(Raw data)
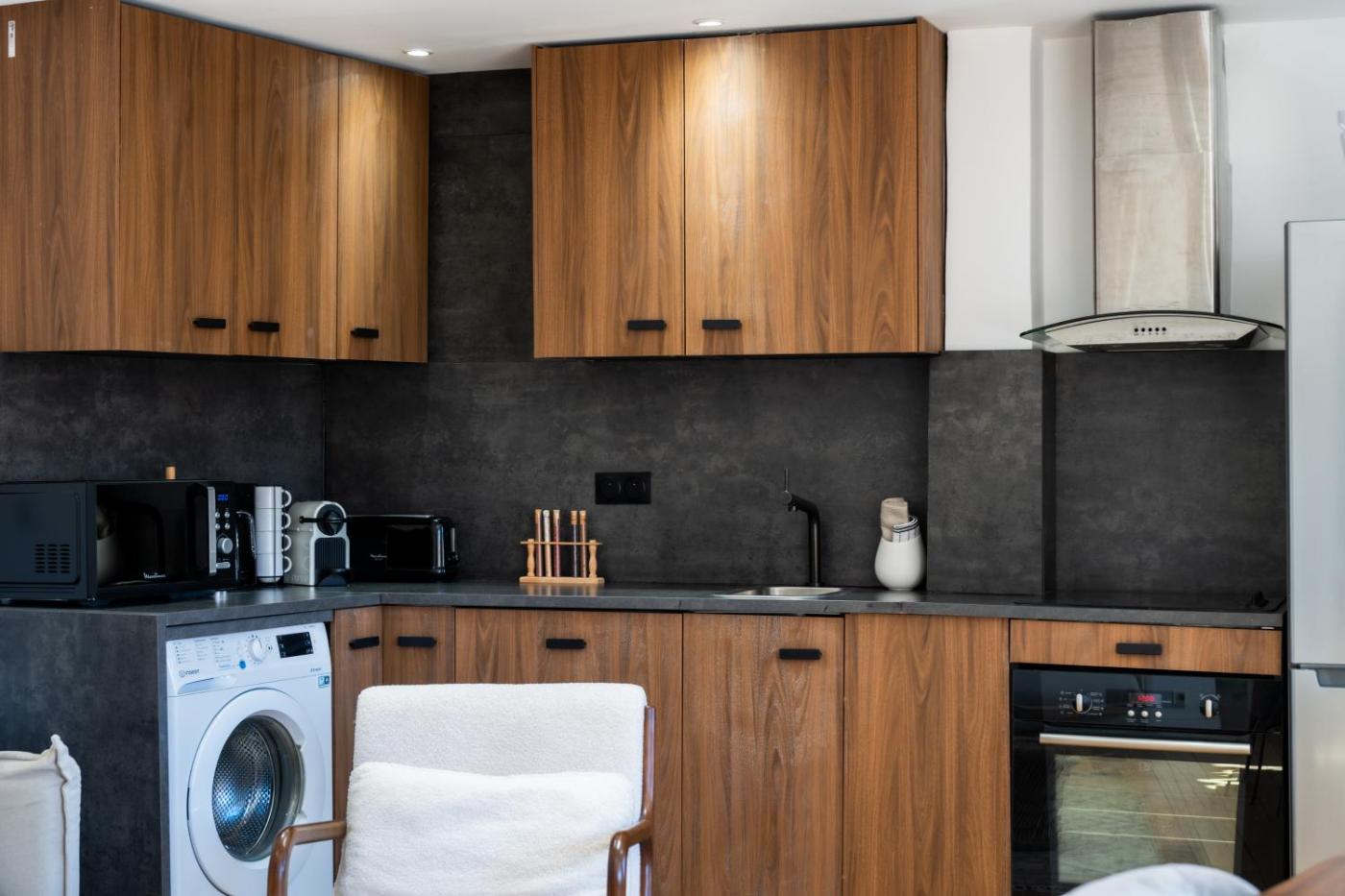 One-Bedroom Apartment. Guests will have a special experience as this apartment provides a fireplace. This air-conditioned apartment is comprised of 1 living room, 1 separate bedroom and 1 bathroom with a bath. In the kitchen, guests will find a refrigerator, a dishwasher, kitchenware and an oven. The apartment offers a washing machine, a tea and coffee maker, a dining area, a flat-screen TV, as well as city views. The unit offers 3 beds.
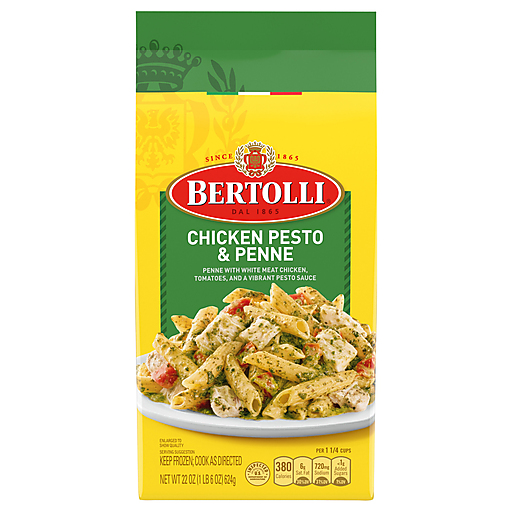 Devour a delicious Italian-inspired meal that's easy to prepare with Bertolli Chicken Pesto and Penne Pasta. Enjoy every bite of penne pasta with 100% natural* white meat chicken and tomatoes in a vibrant pesto sauce for a tasty prepared meal you are sure to love. This frozen chicken skillet meal is made without artificial preservatives** and has no artificial flavors or colors. Each bag of pesto chicken and pasta is easy to prepare in a skillet on your stovetop so you can treat yourself to delicious Italian flavor in the comfort of your own home. Bertolli frozen meals are full of flavor and thoughtfully prepared in Italian tradition. Frozen meals, fresh taste.
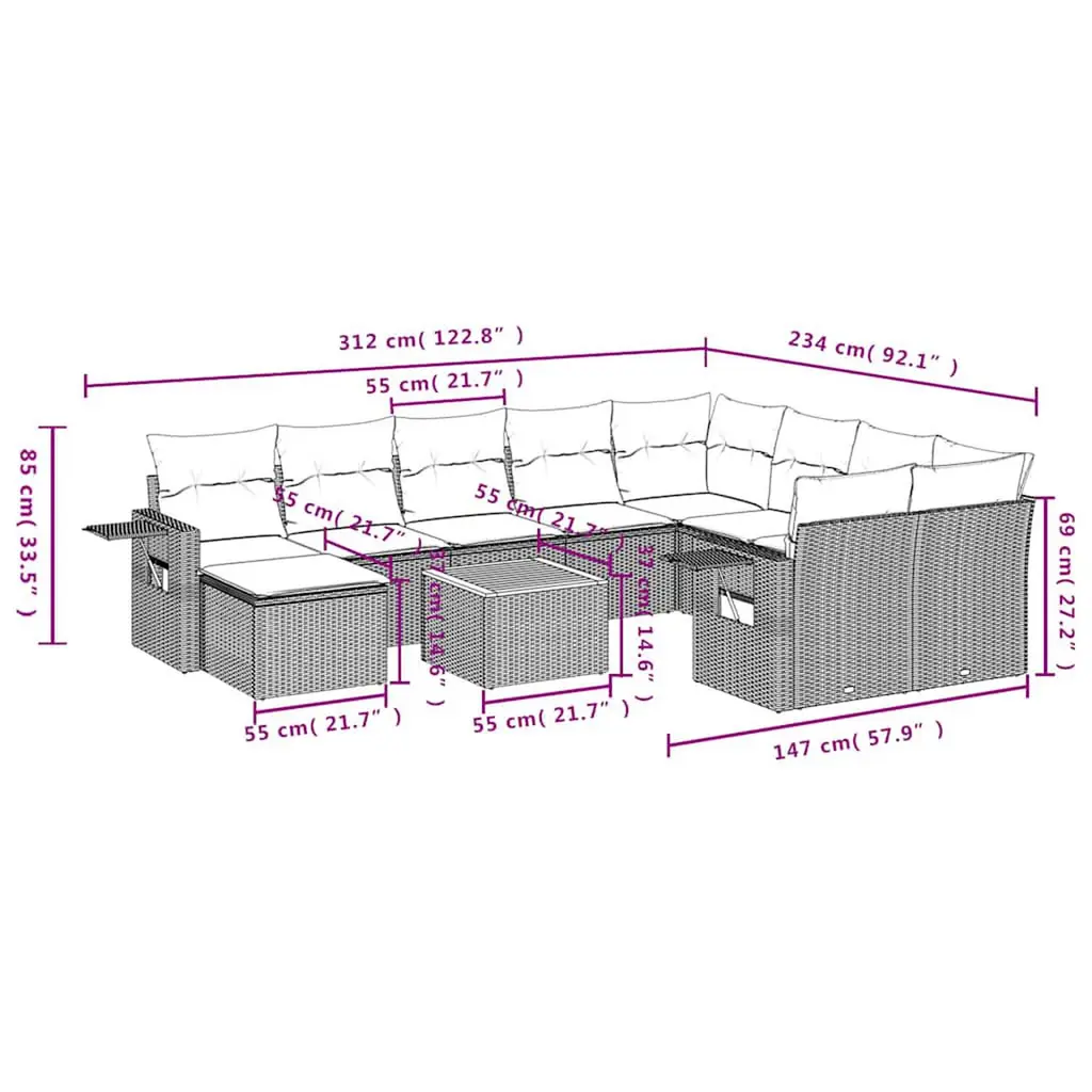 Vidaxl 11 Piece Garden Sofa Set With Cushions Grey Poly Rattan
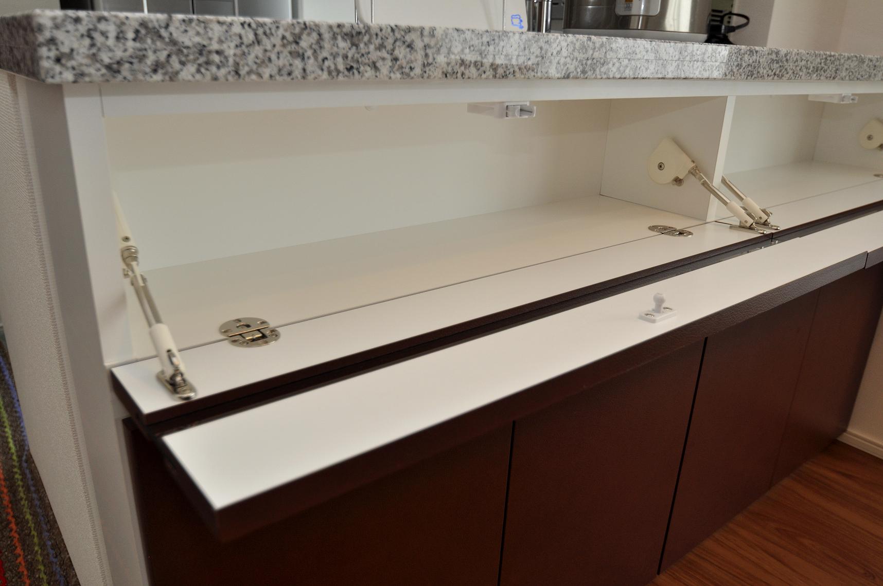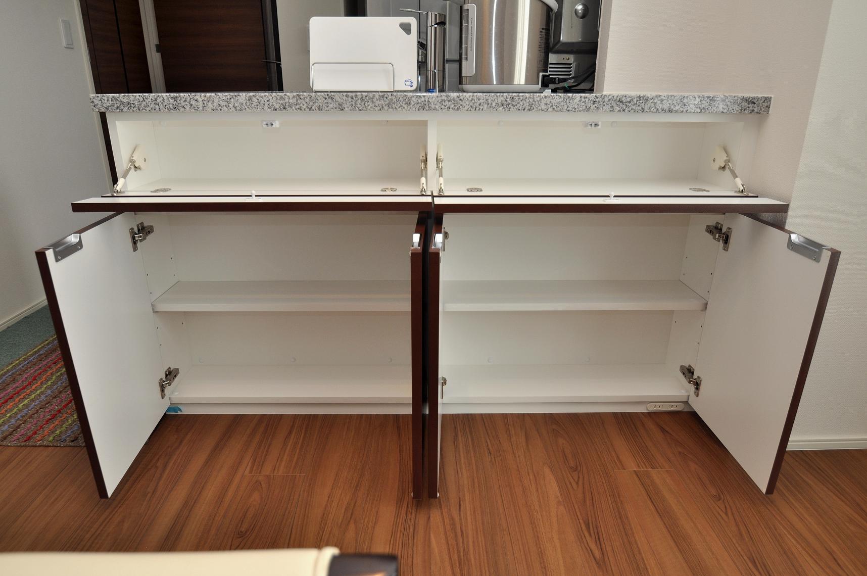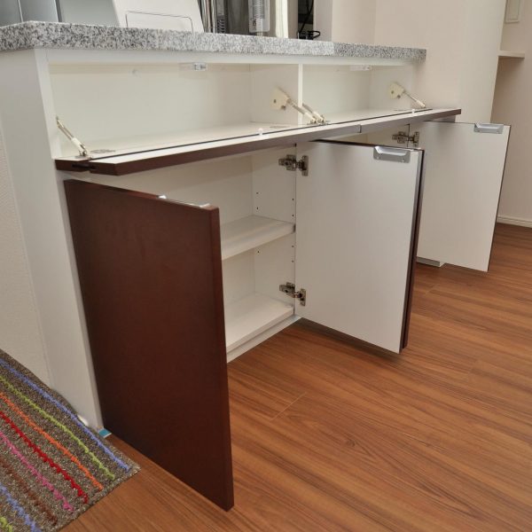 奥行き寸法の関係でプッシュダウン扉と開き戸で構成させていただきました。
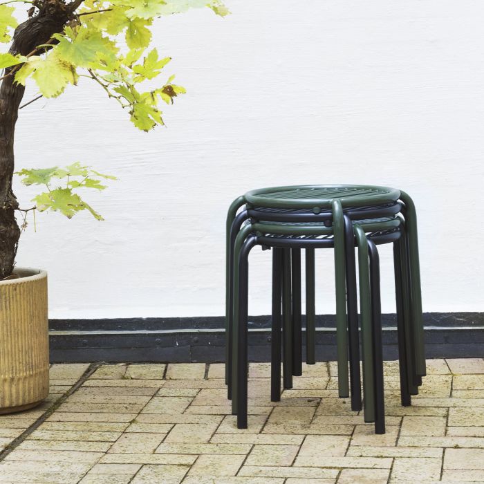 Tabouret Vig de Normann Copenhagen par Simon Legald. Vig est une collection de mobilier d'extérieur au design intemporel et fonctionnel, fabriquée à partir d'un acier à double revêtement en poudre pour résister à l'usure d'une utilisation en extérieur.
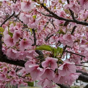 🌸河津桜🌸 近所の河津桜 もう葉が出始めて いました☺️ 次は いよいよ 染井吉野だ〜 待ち遠しいですね🤗
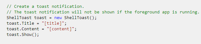 Khi developer thêm đầy đủ thông tin ShellToast thì gọi phương thức Show để hiện Toast. Tuy nhiên phương thức Show này chỉ dành cho Toast Nofitication local.
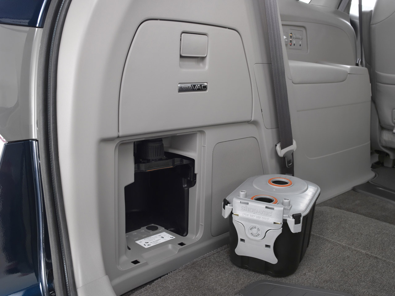 Aspiratorul se numeste HondaVAC si ii poti pune o gramada de accesorii. Familiile cu copii mici sau animale stiu prea bine ce dezastru lasa cei mici in masina. Aspiratorul e integrat in portbajag si e destul de lung incat sa ajunga pana la scaunele din fata. Nu are baterii si poate functiona neintrerupt inca 8 minute dupa ce motorul MPV-ului s-a oprit. Dar impune totusi o intrebare: cine face curat? Tu sau partenera?
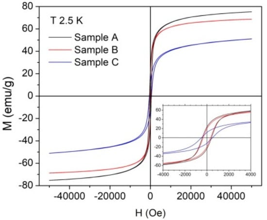 Magnetization vs. magnetic field intensity curves of samples A, B and C measured at 2.5 K. In the inset an enlarged region around the zero of the magnetic field intensity is shown.
(End Raw data)
Task instructions:
Repeat exactly the lines from the start of the entries down to the line with "奥行き寸法の関係でプッシュダウン扉と開き戸で構成させていただきました。", keeping both ends but none of the pictures.

Solution to the exercise:
 One-Bedroom Apartment. Guests will have a special experience as this apartment provides a fireplace. This air-conditioned apartment is comprised of 1 living room, 1 separate bedroom and 1 bathroom with a bath. In the kitchen, guests will find a refrigerator, a dishwasher, kitchenware and an oven. The apartment offers a washing machine, a tea and coffee maker, a dining area, a flat-screen TV, as well as city views. The unit offers 3 beds.
 Devour a delicious Italian-inspired meal that's easy to prepare with Bertolli Chicken Pesto and Penne Pasta. Enjoy every bite of penne pasta with 100% natural* white meat chicken and tomatoes in a vibrant pesto sauce for a tasty prepared meal you are sure to love. This frozen chicken skillet meal is made without artificial preservatives** and has no artificial flavors or colors. Each bag of pesto chicken and pasta is easy to prepare in a skillet on your stovetop so you can treat yourself to delicious Italian flavor in the comfort of your own home. Bertolli frozen meals are full of flavor and thoughtfully prepared in Italian tradition. Frozen meals, fresh taste.
 Vidaxl 11 Piece Garden Sofa Set With Cushions Grey Poly Rattan
 奥行き寸法の関係でプッシュダウン扉と開き戸で構成させていただきました。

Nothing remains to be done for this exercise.